We sold our family farm, I received $216K. I paid off credit cards and bills, I put money into my house..new roof, window, siding and gutter. I put 40k aside for taxes. Is that enough? Should I pay down my mortage. I would like to lower my payments or invest in a retirement found. I am 54.

Terry Says:  First, good for you  for being in such good financial shape.  As long as you’re still working, you can use the deduction for the mortgage interest.
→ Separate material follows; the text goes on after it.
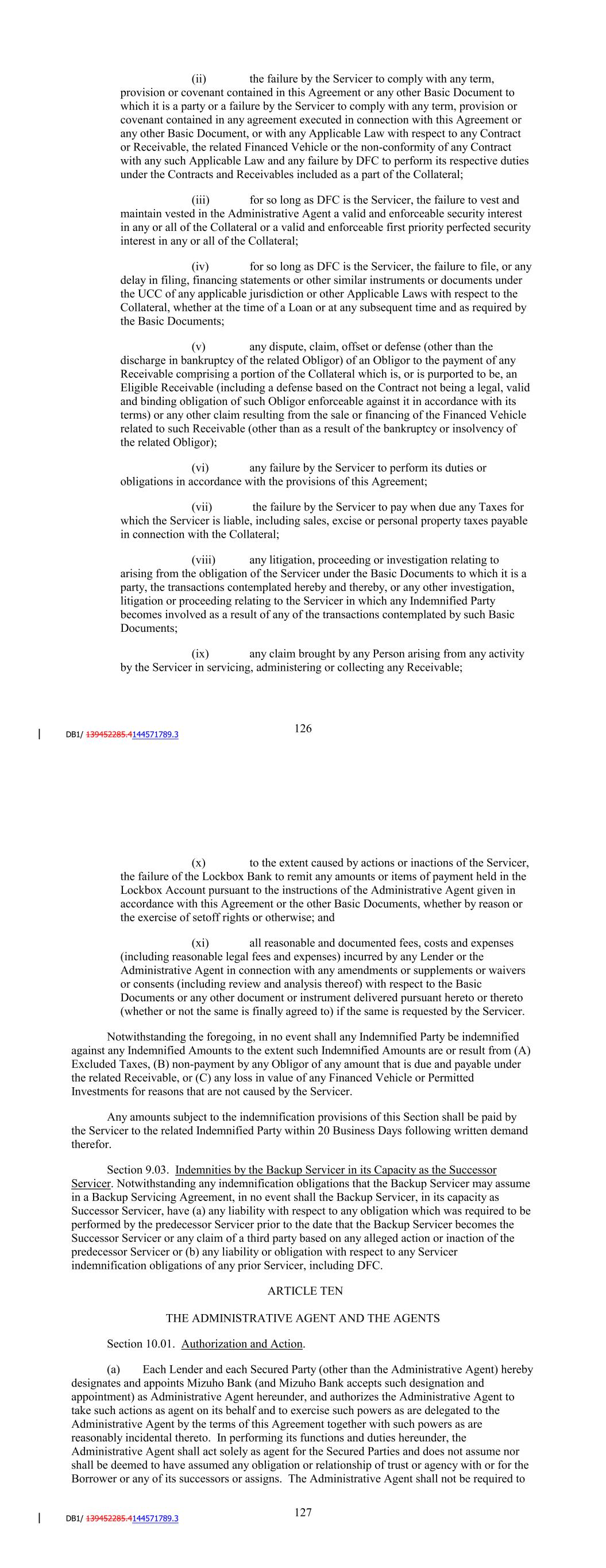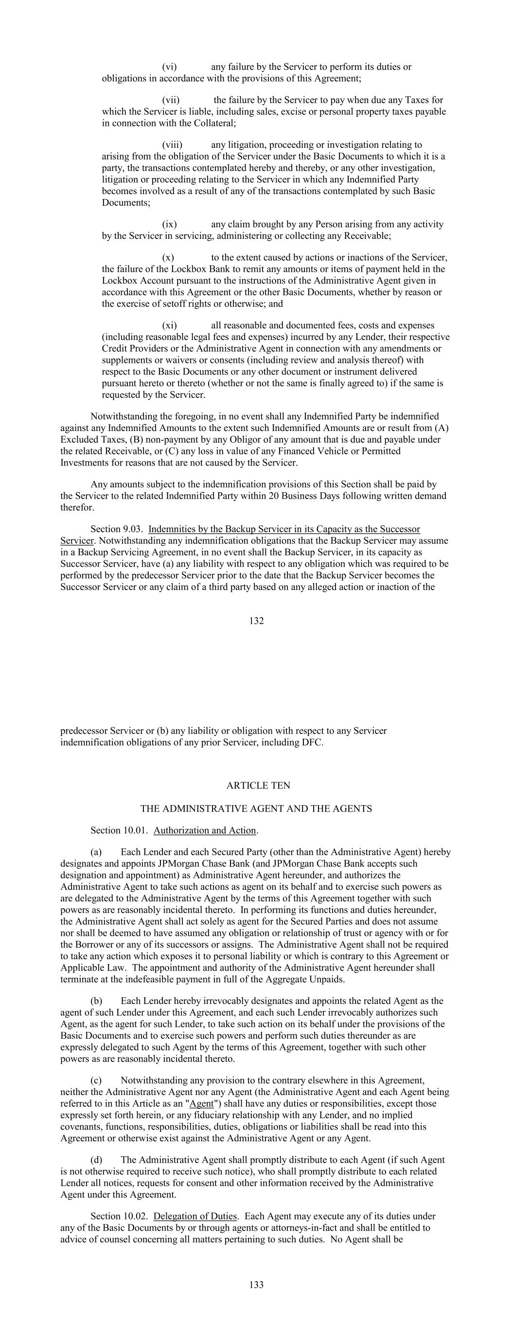 (vi) any failure by the Servicer to perform its duties or obligations in accordance with the provisions of this Agreement; (vii) the failure by the Servicer to pay when due any Taxes for which the Servicer is liable, including sales, excise or personal property taxes payable in connection with the Collateral; (viii) any litigation, proceeding or investigation relating to arising from the obligation of the Servicer under the Basic Documents to which it is a party, the transactions contemplated hereby and thereby, or any other investigation, litigation or proceeding relating to the Servicer in which any Indemnified Party becomes involved as a result of any of the transactions contemplated by such Basic Documents; (ix) any claim brought by any Person arising from any activity by the Servicer in servicing, administering or collecting any Receivable; (x) to the extent caused by actions or inactions of the Servicer, the failure of the Lockbox Bank to remit any amounts or items of payment held in the Lockbox Account pursuant to the instructions of the Administrative Agent given in accordance with this Agreement or the other Basic Documents, whether by reason or the exercise of setoff rights or otherwise; and (xi) all reasonable and documented fees, costs and expenses (including reasonable legal fees and expenses) incurred by any Lender, their respective Credit Providers or the Administrative Agent in connection with any amendments or supplements or waivers or consents (including review and analysis thereof) with respect to the Basic Documents or any other document or instrument delivered pursuant hereto or thereto (whether or not the same is finally agreed to) if the same is requested by the Servicer. Notwithstanding the foregoing, in no event shall any Indemnified Party be indemnified against any Indemnified Amounts to the extent such Indemnified Amounts are or result from (A) Excluded Taxes, (B) non-payment by any Obligor of any amount that is due and payable under the related Receivable, or (C) any loss in value of any Financed Vehicle or Permitted Investments for reasons that are not caused by the Servicer. Any amounts subject to the indemnification provisions of this Section shall be paid by the Servicer to the related Indemnified Party within 20 Business Days following written demand therefor. Section 9.03. Indemnities by the Backup Servicer in its Capacity as the Successor Servicer. Notwithstanding any indemnification obligations that the Backup Servicer may assume in a Backup Servicing Agreement, in no event shall the Backup Servicer, in its capacity as Successor Servicer, have (a) any liability with respect to any obligation which was required to be performed by the predecessor Servicer prior to the date that the Backup Servicer becomes the Successor Servicer or any claim of a third party based on any alleged action or inaction of the 132 predecessor Servicer or (b) any liability or obligation with respect to any Servicer indemnification obligations of any prior Servicer, including DFC. ARTICLE TEN THE ADMINISTRATIVE AGENT AND THE AGENTS Section 10.01. Authorization and Action. (a) Each Lender and each Secured Party (other than the Administrative Agent) hereby designates and appoints JPMorgan Chase Bank (and JPMorgan Chase Bank accepts such designation and appointment) as Administrative Agent hereunder, and authorizes the Administrative Agent to take such actions as agent on its behalf and to exercise such powers as are delegated to the Administrative Agent by the terms of this Agreement together with such powers as are reasonably incidental thereto. In performing its functions and duties hereunder, the Administrative Agent shall act solely as agent for the Secured Parties and does not assume nor shall be deemed to have assumed any obligation or relationship of trust or agency with or for the Borrower or any of its successors or assigns. The Administrative Agent shall not be required to take any action which exposes it to personal liability or which is contrary to this Agreement or Applicable Law. The appointment and authority of the Administrative Agent hereunder shall terminate at the indefeasible payment in full of the Aggregate Unpaids. (b) Each Lender hereby irrevocably designates and appoints the related Agent as the agent of such Lender under this Agreement, and each such Lender irrevocably authorizes such Agent, as the agent for such Lender, to take such action on its behalf under the provisions of the Basic Documents and to exercise such powers and perform such duties thereunder as are expressly delegated to such Agent by the terms of this Agreement, together with such other powers as are reasonably incidental thereto. (c) Notwithstanding any provision to the contrary elsewhere in this Agreement, neither the Administrative Agent nor any Agent (the Administrative Agent and each Agent being referred to in this Article as an "Agent") shall have any duties or responsibilities, except those expressly set forth herein, or any fiduciary relationship with any Lender, and no implied covenants, functions, responsibilities, duties, obligations or liabilities shall be read into this Agreement or otherwise exist against the Administrative Agent or any Agent. (d) The Administrative Agent shall promptly distribute to each Agent (if such Agent is not otherwise required to receive such notice), who shall promptly distribute to each related Lender all notices, requests for consent and other information received by the Administrative Agent under this Agreement. Section 10.02. Delegation of Duties. Each Agent may execute any of its duties under any of the Basic Documents by or through agents or attorneys-in-fact and shall be entitled to advice of counsel concerning all matters pertaining to such duties. No Agent shall be 133

But you might want to refinance to a 15 year fixed rate loan while rates are still low.  That will require a larger monthly payment, but your home will be paid in full much sooner.  In fact, I think most people today will hope they can work until at least age 70 to live a successful retirement.  So that timing would be great.

I don’t know whether you have other retirement savings, but would suggest you might want to open a Roth (after-tax) IRA at Vanguard or Fidelity.  You can contribute  up to $6500 in both 2025 and 2016 — but the money must come from earned income (salary or wages), not from investment income.  (And you can make that full contribution if your income is less than about $117,000.)  You don’t say whether you are now working outside the farm, earning a salary.  But if you do work for a company that matches retirement plan contributions in a 40l(k) plan, that would be the place to start.

And you need to consult a tax advisor to find out what your tax liability is likely to be on the sale of the farm (depends whether you inherited it and have a new, higher cost basis — or whether your family has a huge capital gain from the original purchase).   Act quickly — before year-end.   If you do have a tax liability due next April, there may be some other tax-saving steps you can take before year-end.